Because there's still real local-database path integration ahead, still Suwan's feedback on candidates flowing back, still source-quality maintenance after Day 1 runs. An information agent really matures not when it runs on day one, but when, after running for a while, it gets better and better at knowing what's worth reading and what shouldn't bother me.

The lesson from this round is simple: don't let the AI's "sense of completion" replace my "sense of acceptance."

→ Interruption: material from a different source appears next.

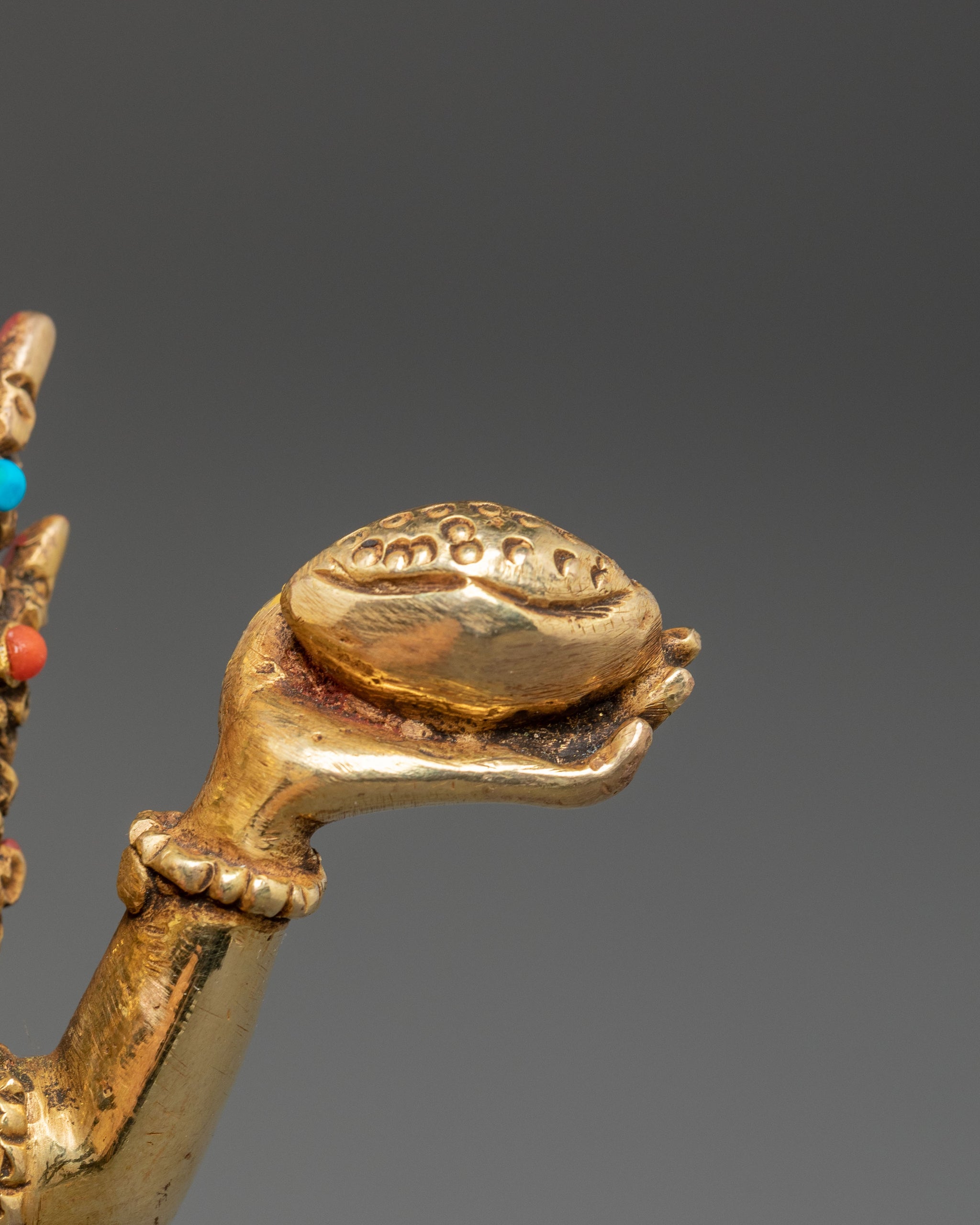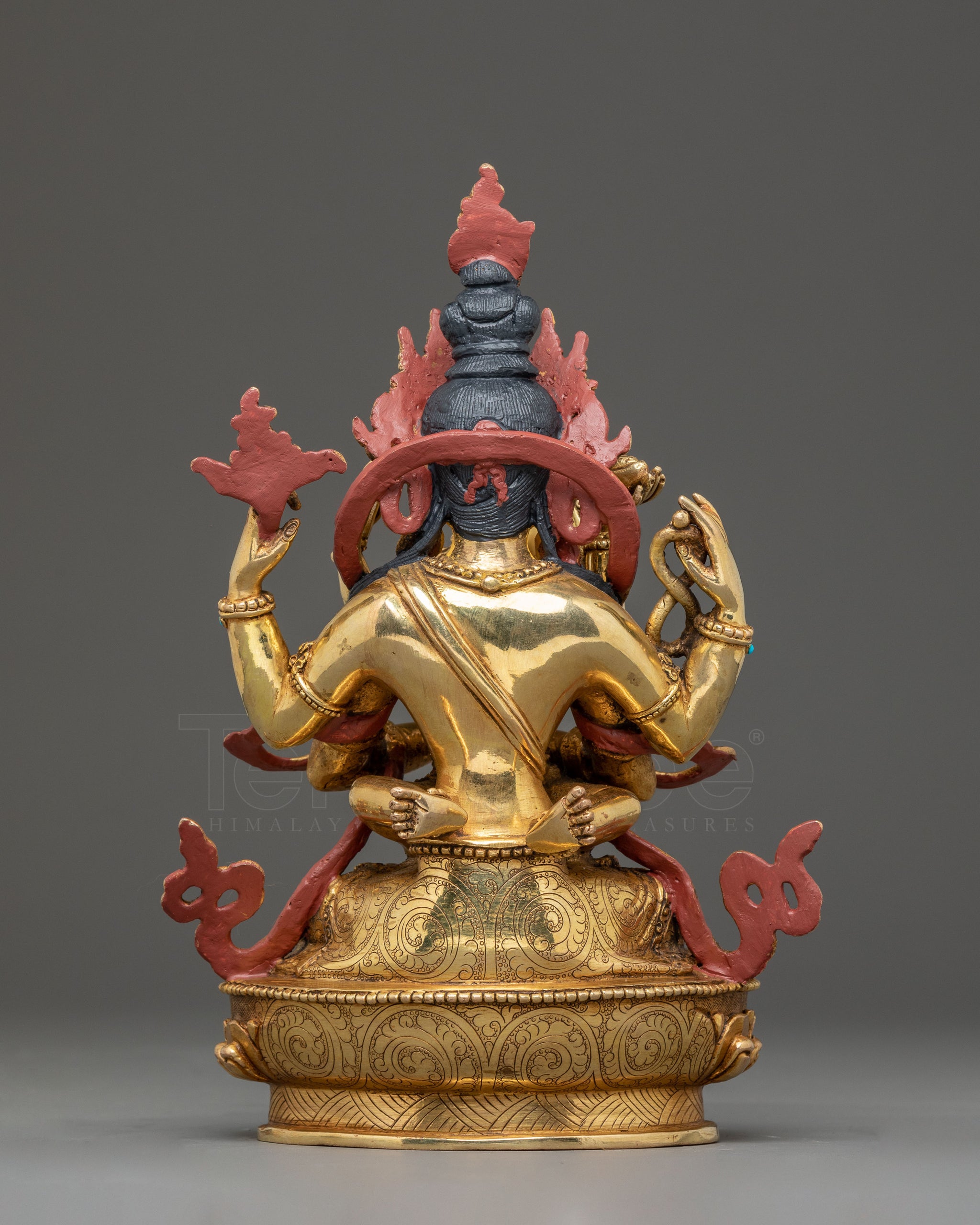 Handmade Avalokiteshvara Golden Statue stands 9.8” (25 cm) tall with a base width of 6.7” (17 cm) and weighs 2.40 kg. Expertly handcrafted from copper and adorned with 24K gold gilding along with delicate gold and acrylic paintings, it radiates a serene and compassionate presence. The statue captures the serene and compassionate nature of Avalokiteshvara, making it a perfect addition to any meditation space, altar, or spiritual collection.

GPT can help me organize a judgment, generate commands, summarize a stage — but it can't decide for me what "done" means. Real owner review is just relentless follow-up questioning: what does this result prove? What hasn't it proved? If we actually put this agent to work tomorrow, where would it break? Once those questions are answered clearly, Shen Zhixing slowly stops being a tool that fetches information and becomes an information role I can work with.